** Activity **
Starting at the first entry below, repeat all the data word for word and drop the pictures.

[Source records]
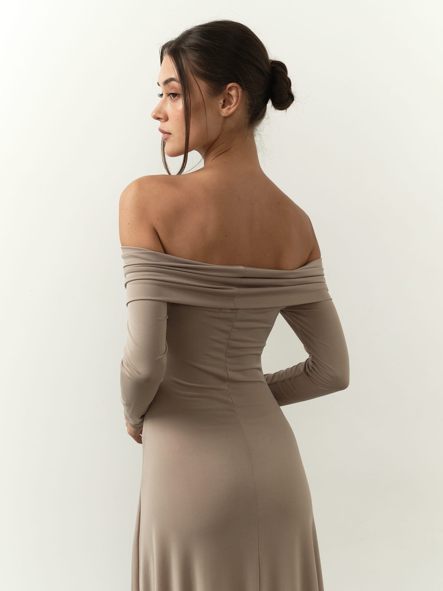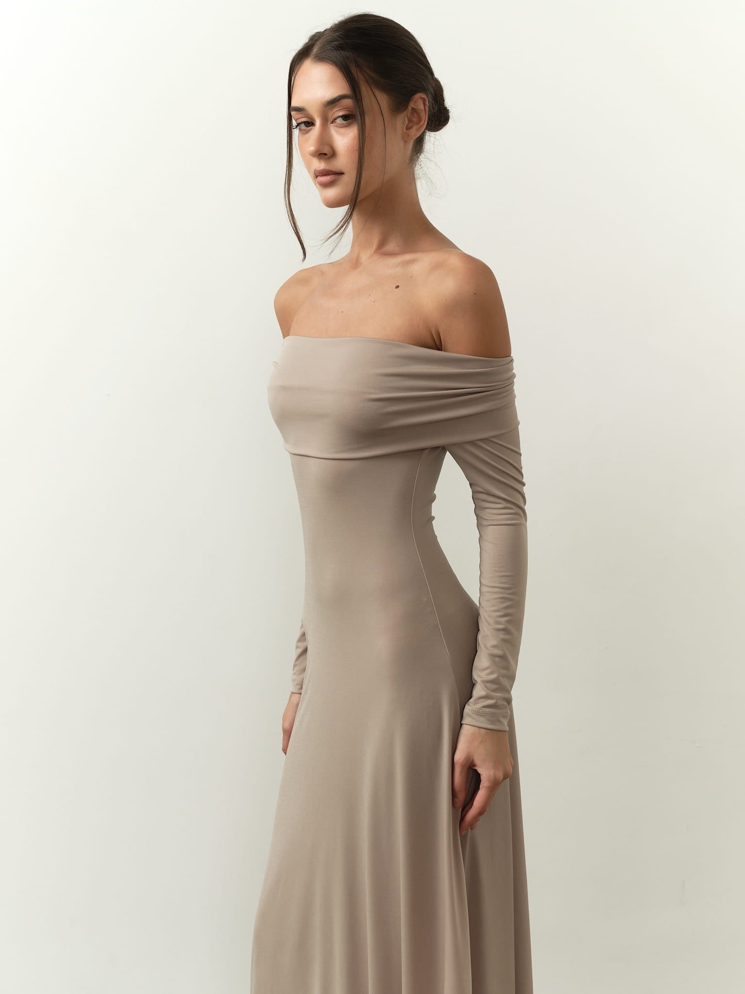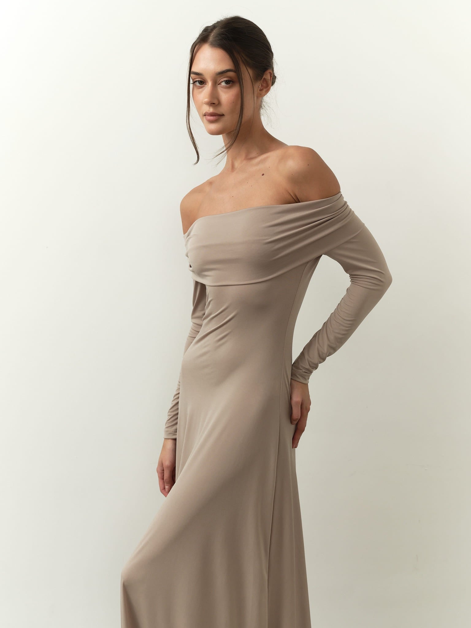 Affirmez votre style avec la robe longue Otis à épaules dénudées, un mariage parfait d'élégance et de confort. Cette robe présente un décolleté épaules dénudées raffiné, de longues manches fluides et une longueur jusqu'au sol qui sublime votre silhouette. Idéale pour les soirées ou les sorties décontractées, la robe longue Otis est un incontournable de votre garde-robe.
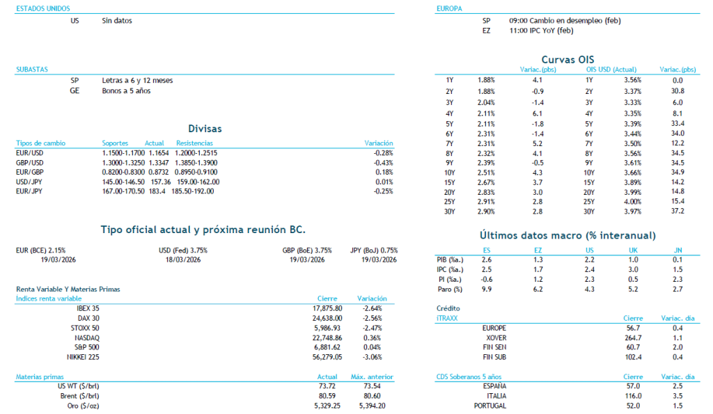 El nerviosismo inicial que se vió en la apertura de los mercados en el día de ayer fue disminuyendo a lo largo de la sesión, con el precio del crudo corrigiendo desde los máximos del día. La referencia Brent se sitúa esta mañana en los 80$ por barril. Sin embargo, los futuros del Gas han repuntado más de un 20% después de que la planta más grande de Qatar haya parado sus exportaciones, generando incertidumbre sobre cuánto tiempo permanecerán paradas y su impacto en los suministros energéticos mundiales. El franco suizo protagonizó uno de los movimientos más significativos, subiendo el par EURCHF una figura desde los mínimos del día por los comentarios de su banco central sobre una posible intervención en el mercado fx para frenar la apreciación de su divisa. El cruce EURUSD, por su parte, se encuentra cotizando por debajo de la media de 200 (1,1769). Ayer volvimos a tener sorpresa por los datos macro en EEUU con la publicación del ISM manufacturero más alto de lo esperado. Además, la partida de precios pagados repuntó a niveles no vistos desde mediados del 2025 (70,5 vs 60 estimado), dando más impulso al dólar y disminuyendo las probabilidades de recortes de tipos de interés por parte de la Fed. En la sesión de hoy sólo se publican datos relevantes en Europa, aunque el principal driver continuará siendo el conflicto geopolítico.
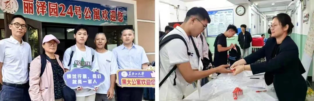 報到當天,學校在哈爾濱站、哈爾濱西站設置了接站點,校內安排中轉車和近千名志愿者,設置黨員先鋒崗,手遞手護送新生到公寓樓。
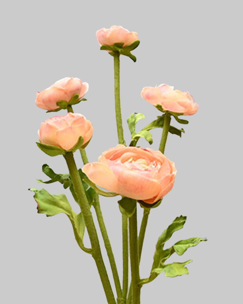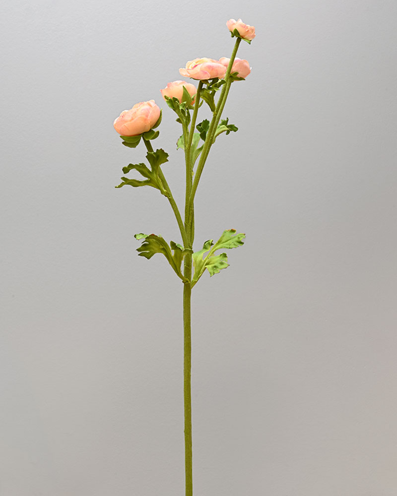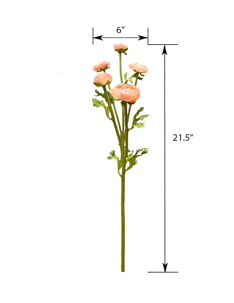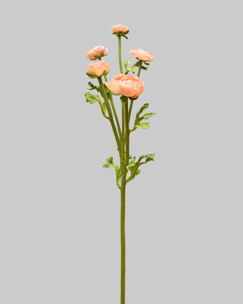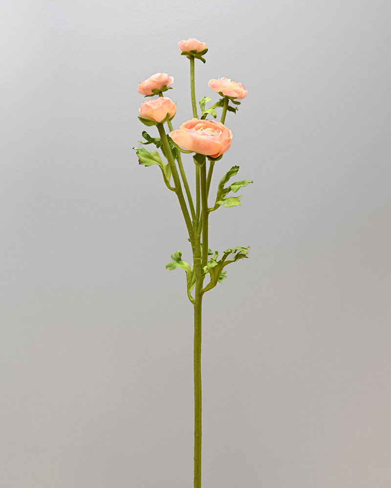 The Ranunculus is one of nature’s most stunning flowers. Layers of delicate petals come together to form a truly remarkable bloom. This stem features multiple small peach blooms with a natural touch, adding lifelike texture and warmth to any arrangement. It’s the perfect way to bring elegance and subtle beauty into your space.
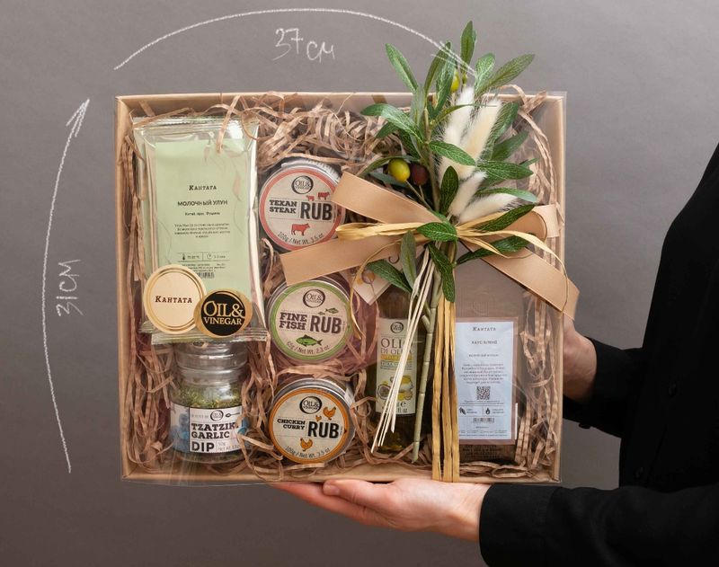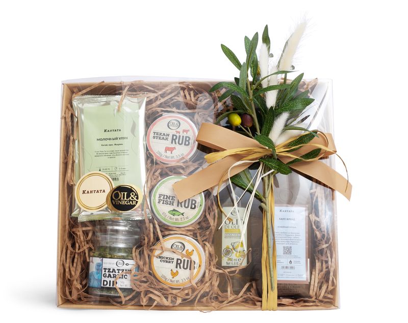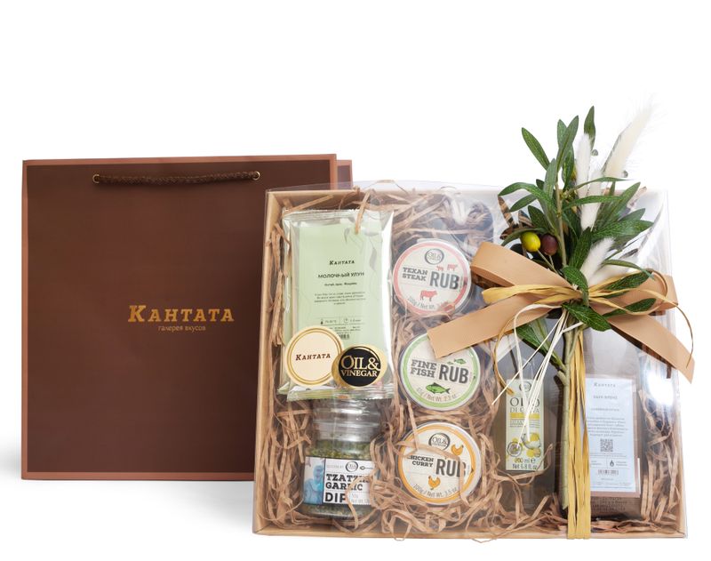 Идеальное сочетание гурмэ-ингредиентов и ароматных напитков! В подарке – три смеси трав для стейка, рыбы и курицы, которые сделают блюда поистине изысканными. К ним – оливковое масло с яркой нотой лимона и традиционный греческий дип «Цацики» с чесноком. После сытного ужина компанию составят ароматные напитки – нежный сливочный «Молочный улун», купаж черного чая со сладкой нотой «Черная смородина» и классический чай «Зеленая улитка» с цветочно-лимонным ароматом. А также два вида кофе – классический купаж арабики «Хаус Бленд» и сливочный «Ирландский крем» с согревающей нотой отборного виски.
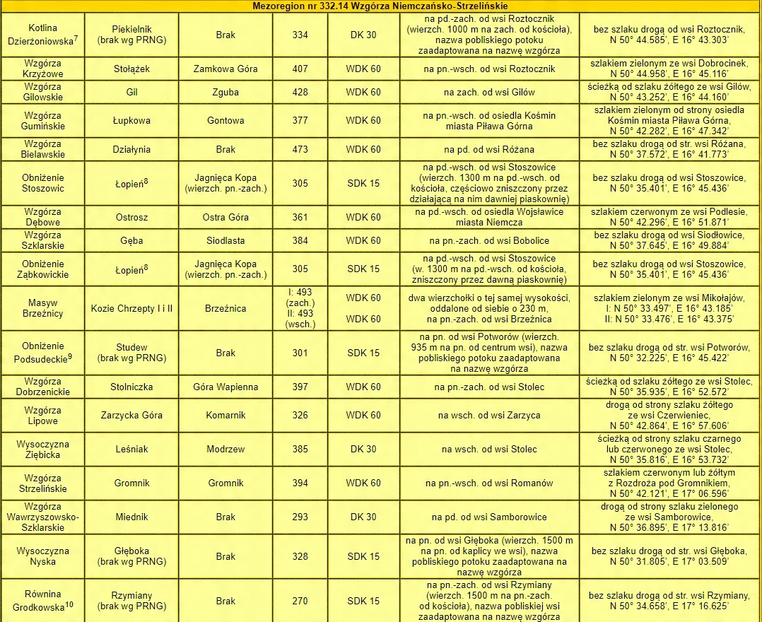 Буклет туристического бейджа «Доминанты предгорья Судет», учрежденного Комиссией по пешему туризму Вроцлавского филиала ПТТК в 2023 году. Исследование содержит список доминантов, которые встречаются в следующих мезорегионах:
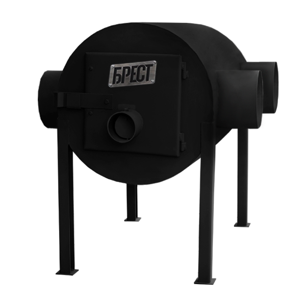 Если необходимо отапливать одновременно несколько смежных помещений, то лучшим выбором будет буржуйка Брест 203 с горизонтально расположенными тепловыми патрубками. Одно помещение отапливается непосредственно самой буржуйкой, а соседние помещения от патрубков производят гофро-трубу. Температура на выходе из булерьян достигает 80-120 0С. Для того чтобы вентилятор не вышел из строя его необходимо располагать ниже топки на расстоянии более 1м. Снаружи печь окрашена жаростойкой краской.
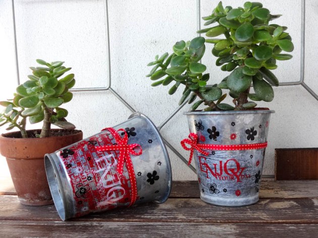 Clean well the surface of the flower pots. Stamp with the brick wood stamps using the StazOn Pigment Snowflake and Passion Red ink pads to cover around and about ¾ of the height of the flower pots.

** Exercise answer **
 Affirmez votre style avec la robe longue Otis à épaules dénudées, un mariage parfait d'élégance et de confort. Cette robe présente un décolleté épaules dénudées raffiné, de longues manches fluides et une longueur jusqu'au sol qui sublime votre silhouette. Idéale pour les soirées ou les sorties décontractées, la robe longue Otis est un incontournable de votre garde-robe.
 El nerviosismo inicial que se vió en la apertura de los mercados en el día de ayer fue disminuyendo a lo largo de la sesión, con el precio del crudo corrigiendo desde los máximos del día. La referencia Brent se sitúa esta mañana en los 80$ por barril. Sin embargo, los futuros del Gas han repuntado más de un 20% después de que la planta más grande de Qatar haya parado sus exportaciones, generando incertidumbre sobre cuánto tiempo permanecerán paradas y su impacto en los suministros energéticos mundiales. El franco suizo protagonizó uno de los movimientos más significativos, subiendo el par EURCHF una figura desde los mínimos del día por los comentarios de su banco central sobre una posible intervención en el mercado fx para frenar la apreciación de su divisa. El cruce EURUSD, por su parte, se encuentra cotizando por debajo de la media de 200 (1,1769). Ayer volvimos a tener sorpresa por los datos macro en EEUU con la publicación del ISM manufacturero más alto de lo esperado. Además, la partida de precios pagados repuntó a niveles no vistos desde mediados del 2025 (70,5 vs 60 estimado), dando más impulso al dólar y disminuyendo las probabilidades de recortes de tipos de interés por parte de la Fed. En la sesión de hoy sólo se publican datos relevantes en Europa, aunque el principal driver continuará siendo el conflicto geopolítico.
 報到當天,學校在哈爾濱站、哈爾濱西站設置了接站點,校內安排中轉車和近千名志愿者,設置黨員先鋒崗,手遞手護送新生到公寓樓。
 The Ranunculus is one of nature’s most stunning flowers. Layers of delicate petals come together to form a truly remarkable bloom. This stem features multiple small peach blooms with a natural touch, adding lifelike texture and warmth to any arrangement. It’s the perfect way to bring elegance and subtle beauty into your space.
 Идеальное сочетание гурмэ-ингредиентов и ароматных напитков! В подарке – три смеси трав для стейка, рыбы и курицы, которые сделают блюда поистине изысканными. К ним – оливковое масло с яркой нотой лимона и традиционный греческий дип «Цацики» с чесноком. После сытного ужина компанию составят ароматные напитки – нежный сливочный «Молочный улун», купаж черного чая со сладкой нотой «Черная смородина» и классический чай «Зеленая улитка» с цветочно-лимонным ароматом. А также два вида кофе – классический купаж арабики «Хаус Бленд» и сливочный «Ирландский крем» с согревающей нотой отборного виски.
 Буклет туристического бейджа «Доминанты предгорья Судет», учрежденного Комиссией по пешему туризму Вроцлавского филиала ПТТК в 2023 году. Исследование содержит список доминантов, которые встречаются в следующих мезорегионах:
 Если необходимо отапливать одновременно несколько смежных помещений, то лучшим выбором будет буржуйка Брест 203 с горизонтально расположенными тепловыми патрубками. Одно помещение отапливается непосредственно самой буржуйкой, а соседние помещения от патрубков производят гофро-трубу. Температура на выходе из булерьян достигает 80-120 0С. Для того чтобы вентилятор не вышел из строя его необходимо располагать ниже топки на расстоянии более 1м. Снаружи печь окрашена жаростойкой краской.
 Clean well the surface of the flower pots. Stamp with the brick wood stamps using the StazOn Pigment Snowflake and Passion Red ink pads to cover around and about ¾ of the height of the flower pots.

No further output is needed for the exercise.